Review: The Fruit Hunters - Modern Farmer

Review: The Fruit Hunters

The Fruit Hunters , a 2012 documentary by Montreal filmmaker Yung Chang based on the book of the same name by Adam Leith Gollner, is now streaming on Netflix. It's the kind of documentary that explores an obscure fascination - it illuminates and celebrates something that most of us view as everyday, standard fare.

In other words, fruit is tasty, but predictable. It’s the stuff of still life paintings, not the kind of thing that inspires obsession, much less insanity.

And yet, fruit is capable of stirring deep passion and triggering obsessions, according to some die-hard fruit fanatics, and venturing into their world is a strange and entertaining trip.

The Fruit Hunters, a 2012 documentary by Montreal filmmaker Yung Chang based on the book of the same name, by Adam Leith Gollner, is now streaming on Netflix.

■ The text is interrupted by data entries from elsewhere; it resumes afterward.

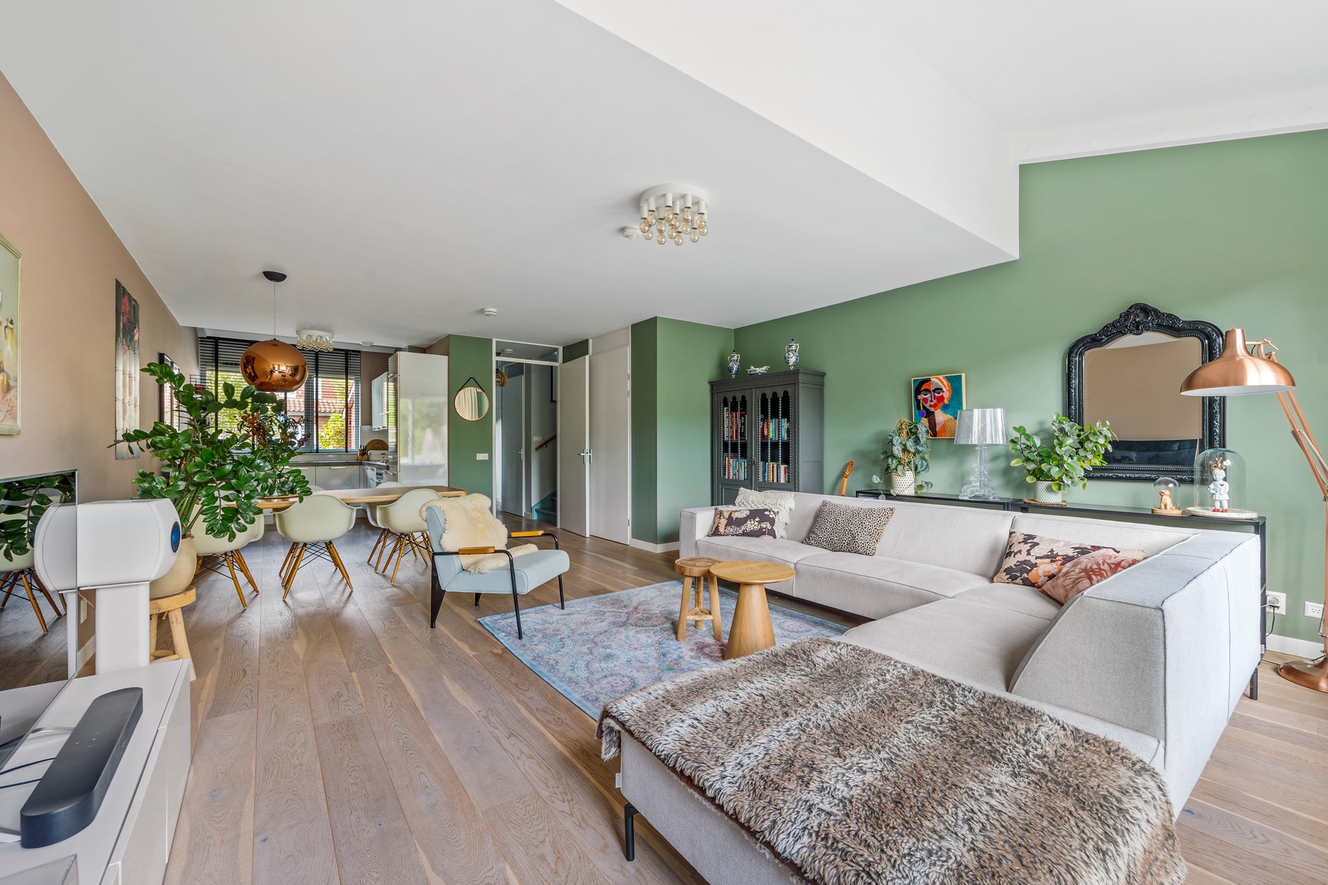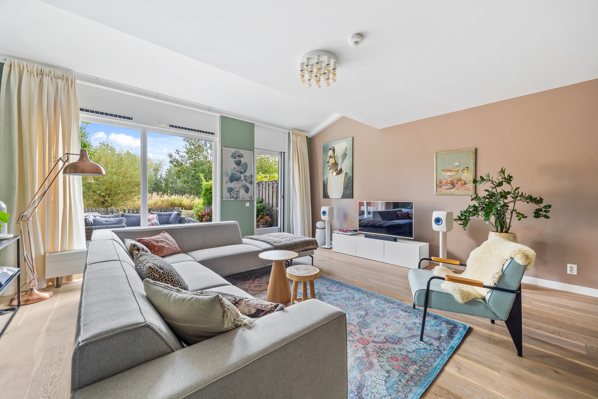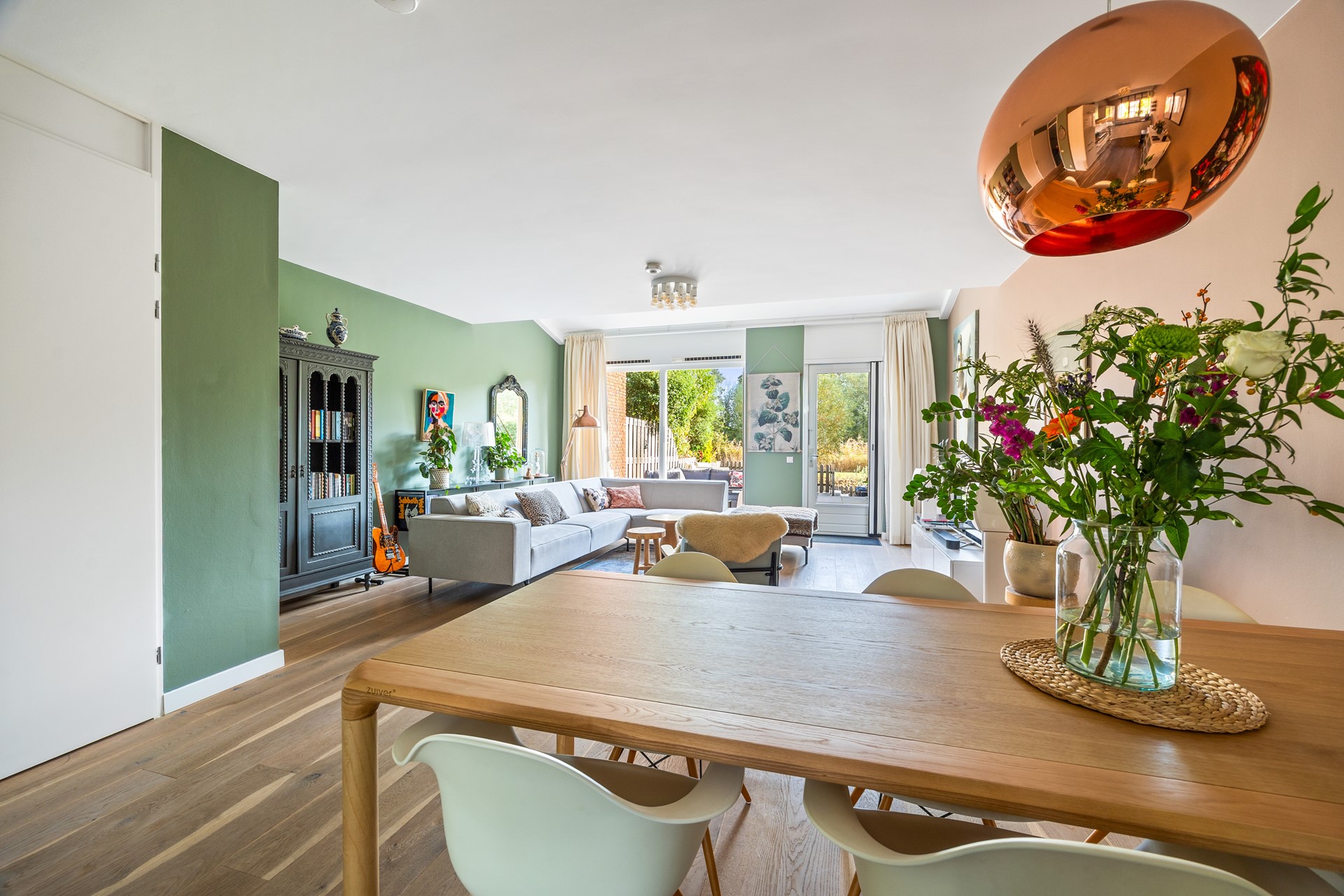 From the street, you see the house, slightly tucked away between two hedges and a small tree. The front garden is therefore a pleasant, private place to sit. The spacious hallway features an oak parquet floor that connects all rooms on the ground floor.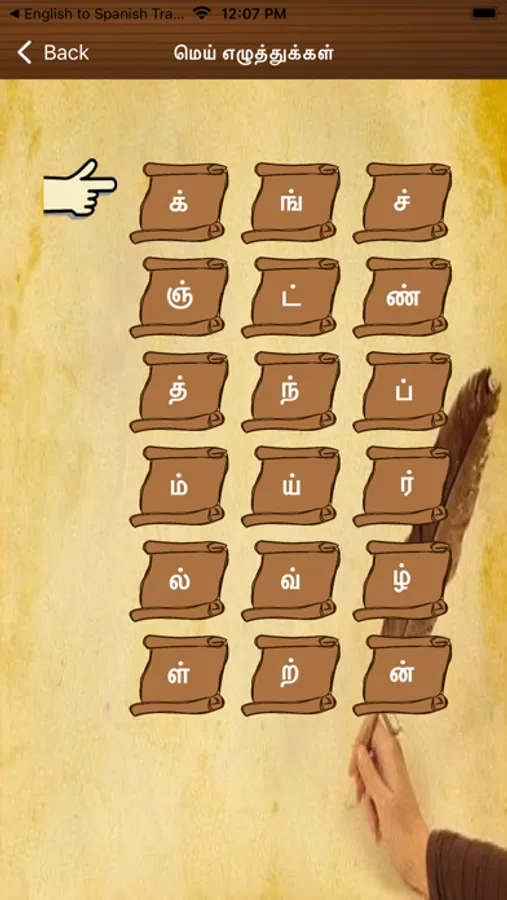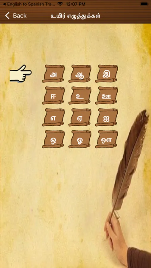 All Tamil vowels and consonants are available; the app features a complete set all Tamil letters that you may need to learn. This applies to both vowels and consonants.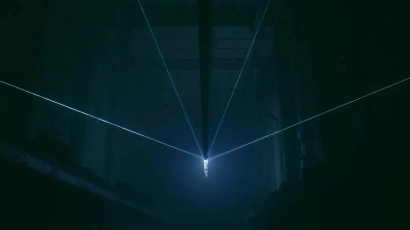 這是俄羅斯創(chuàng)作團(tuán)隊(duì)SETUP在一個(gè)充滿工業(yè)風(fēng)的廠房內(nèi)做的燈光裝置測(cè)試,將激光與影像裝置巧妙結(jié)合,激光劃過裝置時(shí)會(huì)點(diǎn)亮對(duì)應(yīng)的影像,仿佛一道天外之光劃過長空。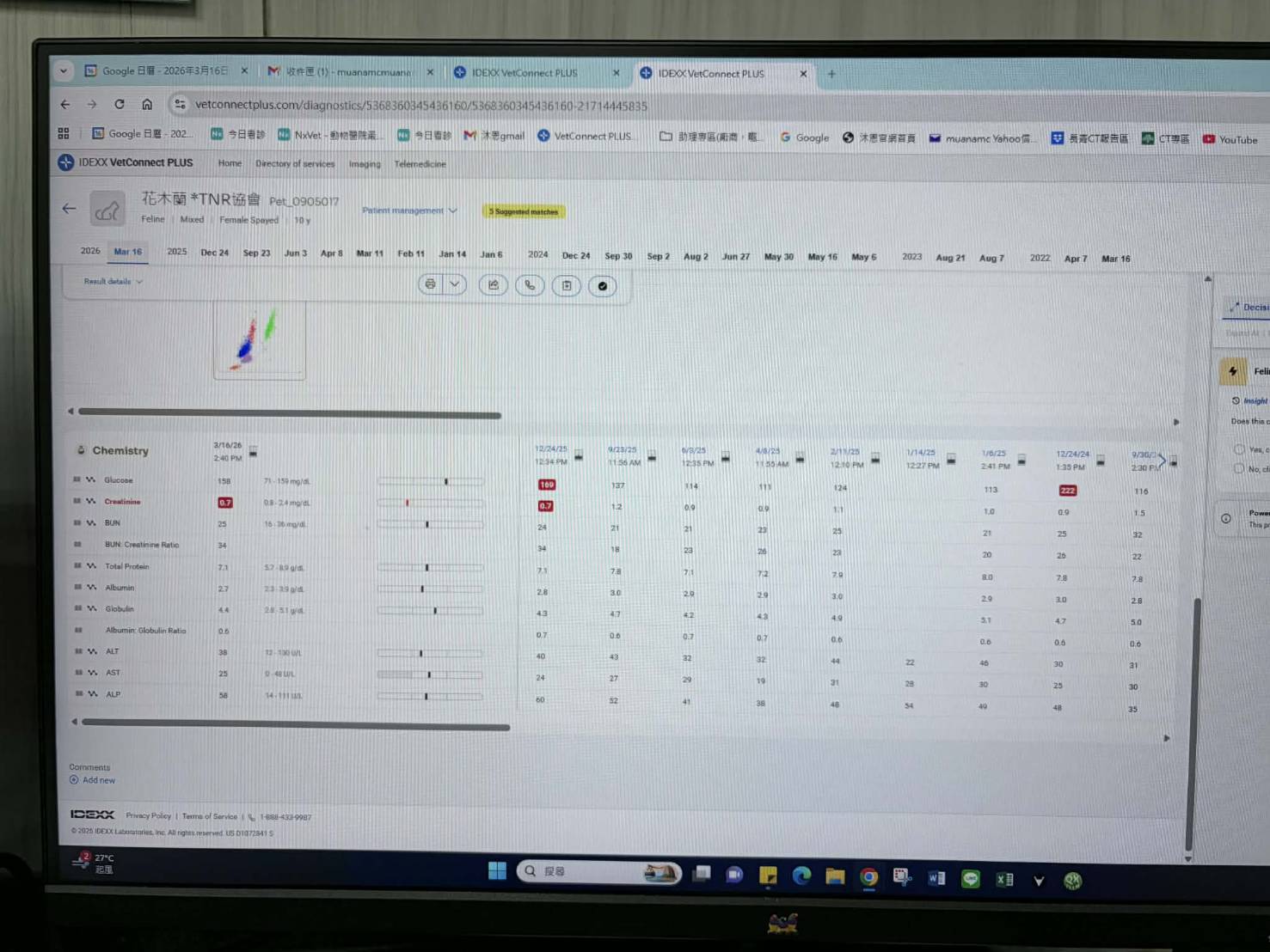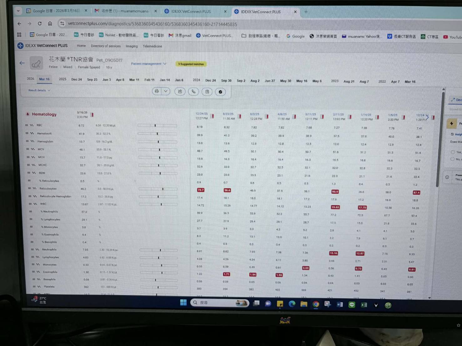 2025年12月24日於沐恩回診,血檢顯示血糖稍高,可能是等看診太久影響但其他指數皆正常。長期的呼吸道問題無改善,醫師建議洗鼻,但鼻涕打不太出來,醫師懷疑裡頭有增生,但需要照斷層掃描才能確定,這兩種方法都需要麻醉,考量花木蘭年紀大,所以暫時不考慮。2026年2月9日持續用藥治療。2026年3月16日於沐恩醫院定期回診,此次體重有稍微減輕,先繼續觀察再考量下次回診時是否添增食慾促進劑,血檢指數皆正常,沒有需要特別注意的異常指數。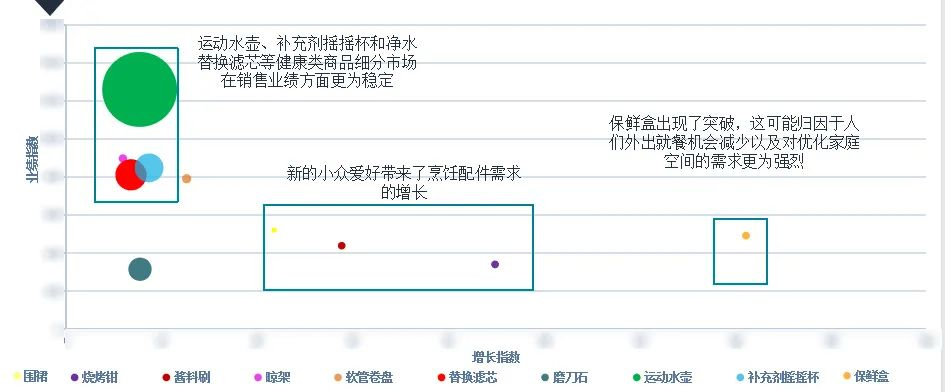 ◾ 运动水壶、补充剂摇摇杯和净水替换滤芯等健康类商品细分领域在销售业绩方面更为稳定。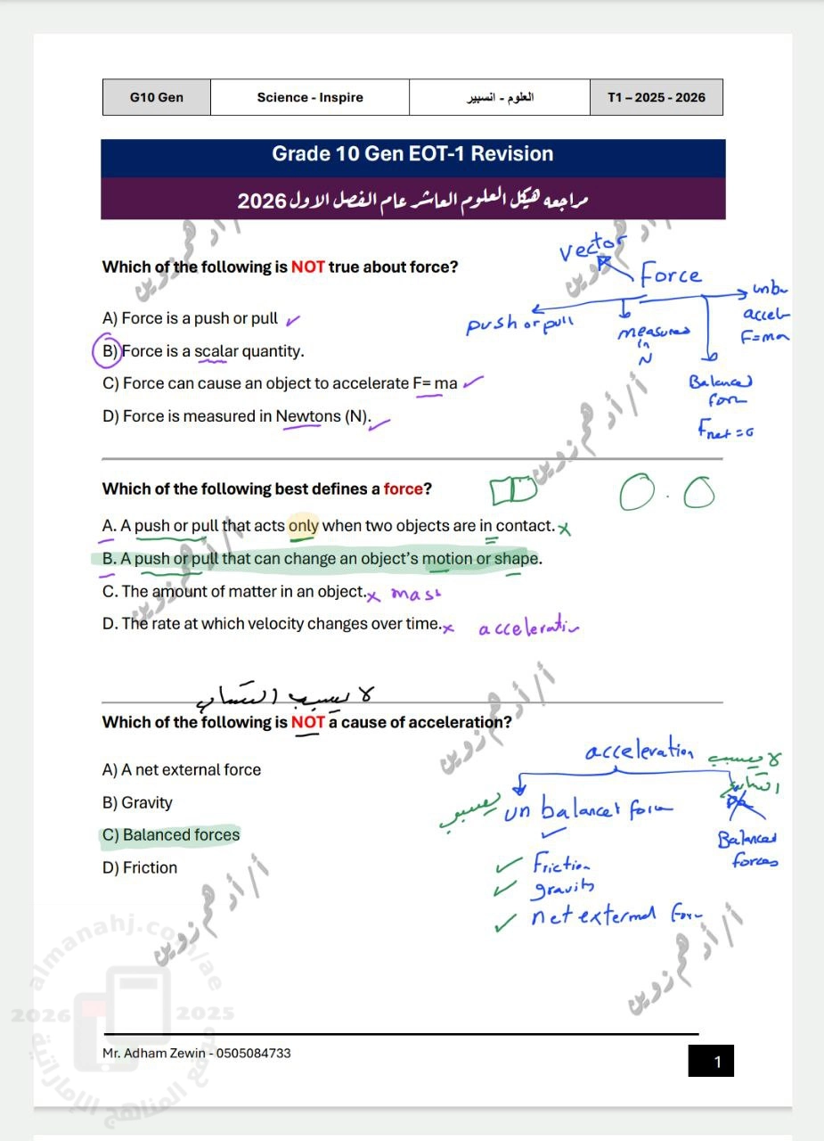 8. الصف العاشر العام, فيزياء, مراجعة نهائية وفق الهيكل الوزاري الجديد منهج انسباير

It’s the kind of documentary that explores an obscure fascination – it illuminates and celebrates something that most of us view as everyday, standard fare.

The film features an array of fruit-obsessed growers, horticulturists and aficionados in search of fruits that are rare, exotic and alien enough to look like they’re straight out of Dr. Seuss’s imagination.

There’s a ‘fruit detective’ who cultivates an orchard of forgotten fruit in the foothills of Umbria, Italy. She specializes in tracking down the nearly extinct figs, grapes and other fruit varietals immortalized by Renaissance painters.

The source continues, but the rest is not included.